Teen Age Angst

When I was much, much younger and fancied myself as a quirky intellect deep in the blush of my first blossom into a quirky artist intellectual adulthood. I would have adored this photo and placed it upon my bedroom wall next to this portrait of  Mastroianni and above a picture of a young Sophia Loren, looking simple yet glamorous in a pair of capri pants and perhaps below a picture of Lou Reed. In rather close proximity to a picture of Ziggy Stardust… most of which were ripped from the pages of Vanity Fair magazine. You get the picture?

All my youthful pretentious glory; a high school girl with her wall covered in posters of European Actors, book covers of French existentialists, and random objects, found and loved; like a feather found while walking with a cute boy, a plastic necklace worn to a particular party, prints that I somehow loved. This photo of Jean-Paul Sartre and Simone de Beauvoir somehow escaped the honor of my high school bedroom walls.

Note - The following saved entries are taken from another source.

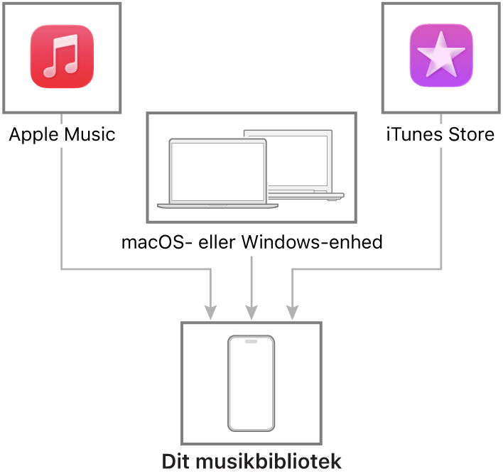 Hør musik, der er gemt på iPhone, samt musik streamet via internettet. Du kan opbygge et musikbibliotek, som er din samling af sange og album, på mange måder.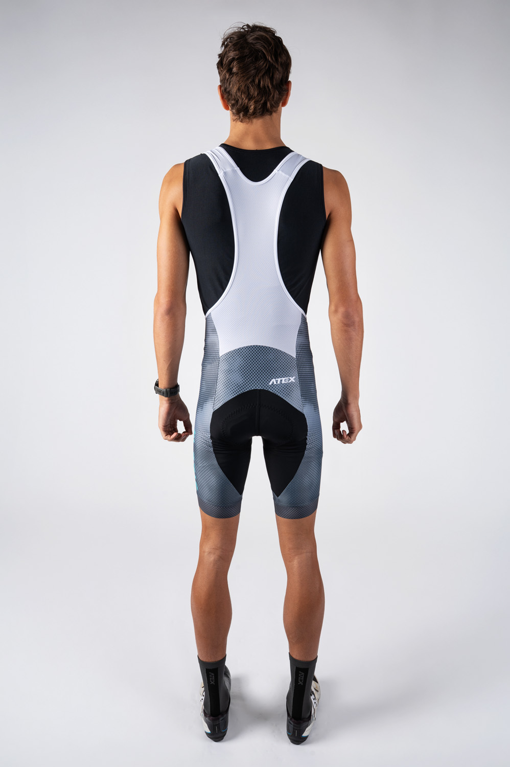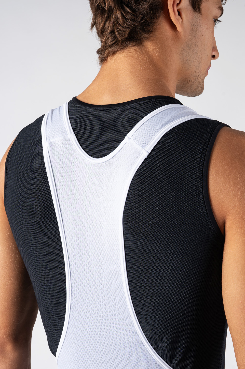 The base of the shorts is made up of a very stretchy and smooth ESPAN material, which contributes to the overall comfort and supports the rider's aerodynamic profile. The braces and back laclo are made of fast-drying MESH CUBE mesh material, which ensures high breathability and effective sweat wicking.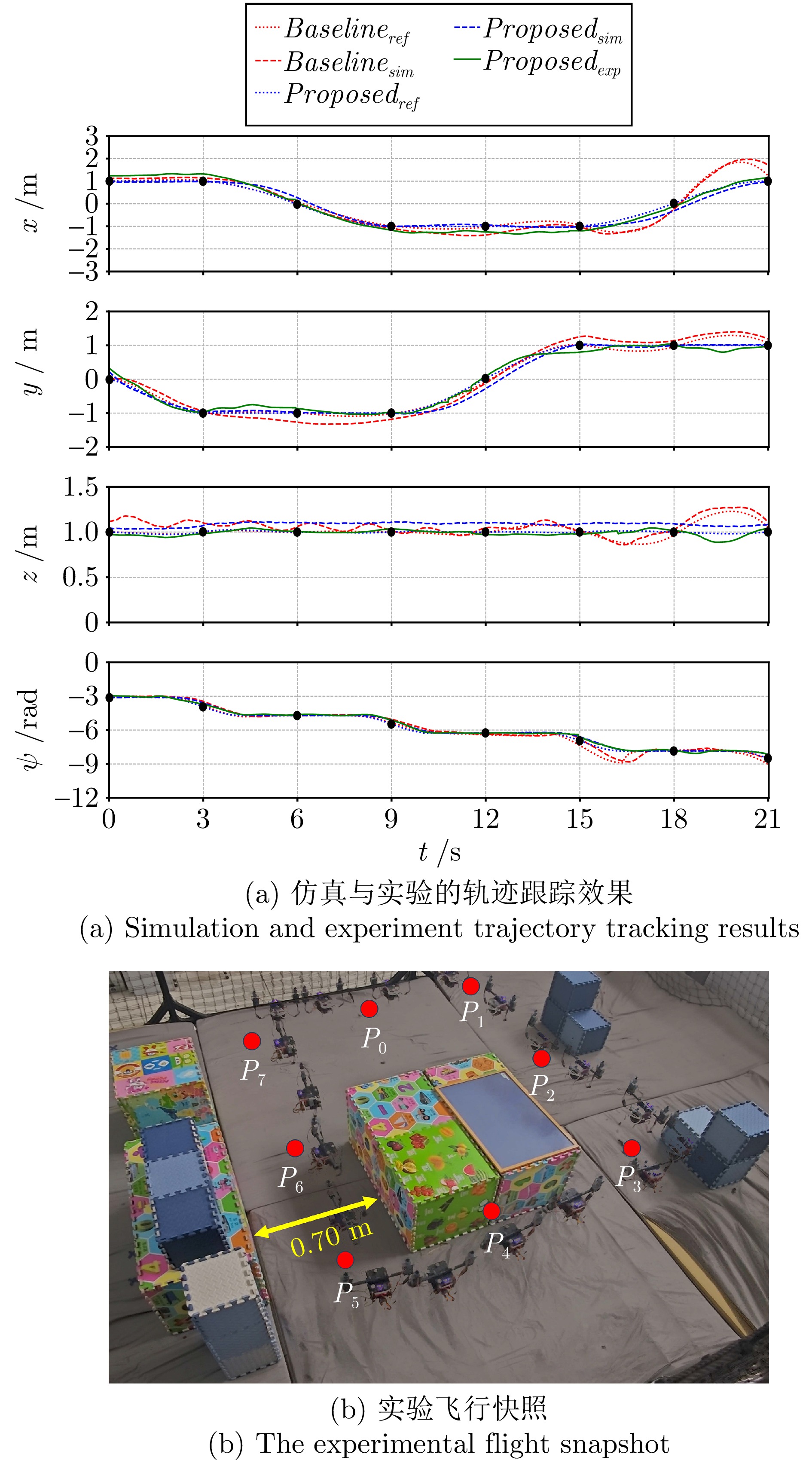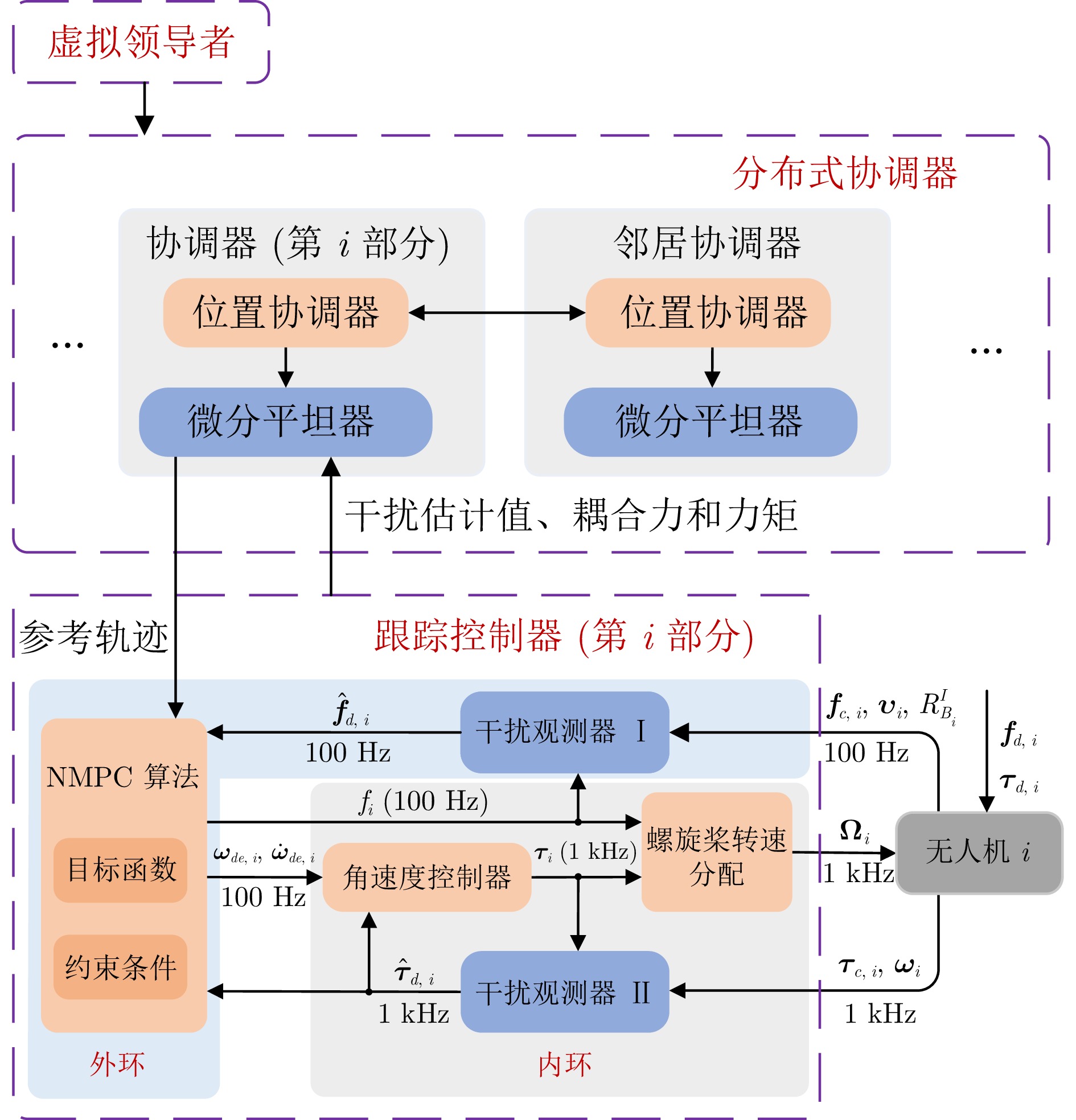 多四旋翼无人机协同编队运输技术因其高容错性和强灵活性等特点, 近年来受到广泛关注. 针对受到螺旋桨转速约束和外界环境干扰影响的多四旋翼无人机系统, 提出一种分层控制方案以实现多无人机协同编队运输. 该方案设计主要包含分布式协调器设计和跟踪控制器设计. 在分布式协调器中, 位置协调器基于虚拟领导者的位置、速度等信息生成各带载无人机的期望位置, 然后微分平坦器输出无人机的期望无偏轨迹; 跟踪控制器采用非线性模型预测控制、角速度控制以及螺旋桨转速分配算法相结合的策略, 为各带载无人机生成合理的螺旋桨转速指令, 确保无人机精确跟踪其期望轨迹. 在所提方案作用下, 多带载无人机能维持期望编队队形并跟踪虚拟领导者, 从而实现多无人机协同编队运输. 特别地, 当省略位置协调器时, 该方案可简化为单无人机轨迹跟踪控制器. 数值仿真包括单机轨迹跟踪和多机协同运输两个场景, 结果表明: 在单机跟踪任务中, 所提方案展现出良好的跟踪精度; 在多机运输场景下, 多无人机能够有效实现协同编队运输.

There are times when I reflect on the younger me and wonder where I steered so off course from the me I seemed to have been. I no longer really look at Vanity Fair. I find the French existentialists to be more amusing than provocative. Sophia Loren is still considered beautiful, but somehow it seems that it was at some cost and the beauty is ever so slightly tarnished in my eyes now. The musicians still intrigue, but they grew older as I did, and my youthful impressions of them are tempered now as well.

And after all this, I am left to wonder why I never placed pictures of Scott Baio or John Stamos or other cut outs and “free posters” from magazines like Tiger Beat?